• **TASK**:
Everything from the line containing "Texas, Very Fine." through the line containing "Vůdce menšiny Sněmovny" in the listing below should be copied exactly, and nothing more.

• **EXCERPTED DATA**:
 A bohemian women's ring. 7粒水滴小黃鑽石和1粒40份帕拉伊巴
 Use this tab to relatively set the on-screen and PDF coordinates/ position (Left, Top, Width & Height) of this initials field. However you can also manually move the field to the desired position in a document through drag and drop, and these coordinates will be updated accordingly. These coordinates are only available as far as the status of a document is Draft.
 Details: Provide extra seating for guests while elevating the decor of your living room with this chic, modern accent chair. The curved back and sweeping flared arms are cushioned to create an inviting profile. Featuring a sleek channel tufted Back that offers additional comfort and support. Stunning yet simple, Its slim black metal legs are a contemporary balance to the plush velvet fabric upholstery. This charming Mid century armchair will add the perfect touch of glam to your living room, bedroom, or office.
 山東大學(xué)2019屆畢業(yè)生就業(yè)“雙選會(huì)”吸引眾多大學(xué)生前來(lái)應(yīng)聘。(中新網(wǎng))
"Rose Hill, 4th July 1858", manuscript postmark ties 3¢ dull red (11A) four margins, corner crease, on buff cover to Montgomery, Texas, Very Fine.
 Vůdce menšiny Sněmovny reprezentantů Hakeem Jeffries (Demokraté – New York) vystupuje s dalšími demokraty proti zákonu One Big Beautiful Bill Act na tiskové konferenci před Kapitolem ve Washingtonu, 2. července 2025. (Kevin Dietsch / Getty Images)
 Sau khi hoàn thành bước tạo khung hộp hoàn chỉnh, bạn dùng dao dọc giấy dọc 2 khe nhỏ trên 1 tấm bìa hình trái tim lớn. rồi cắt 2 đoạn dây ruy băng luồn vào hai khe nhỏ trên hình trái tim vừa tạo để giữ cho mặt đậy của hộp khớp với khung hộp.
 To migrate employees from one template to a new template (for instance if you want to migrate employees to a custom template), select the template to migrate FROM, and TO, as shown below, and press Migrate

• **RESPONSE TO THIS EXERCISE**:
"Rose Hill, 4th July 1858", manuscript postmark ties 3¢ dull red (11A) four margins, corner crease, on buff cover to Montgomery, Texas, Very Fine.
 Vůdce menšiny Sněmovny reprezentantů Hakeem Jeffries (Demokraté – New York) vystupuje s dalšími demokraty proti zákonu One Big Beautiful Bill Act na tiskové konferenci před Kapitolem ve Washingtonu, 2. července 2025. (Kevin Dietsch / Getty Images)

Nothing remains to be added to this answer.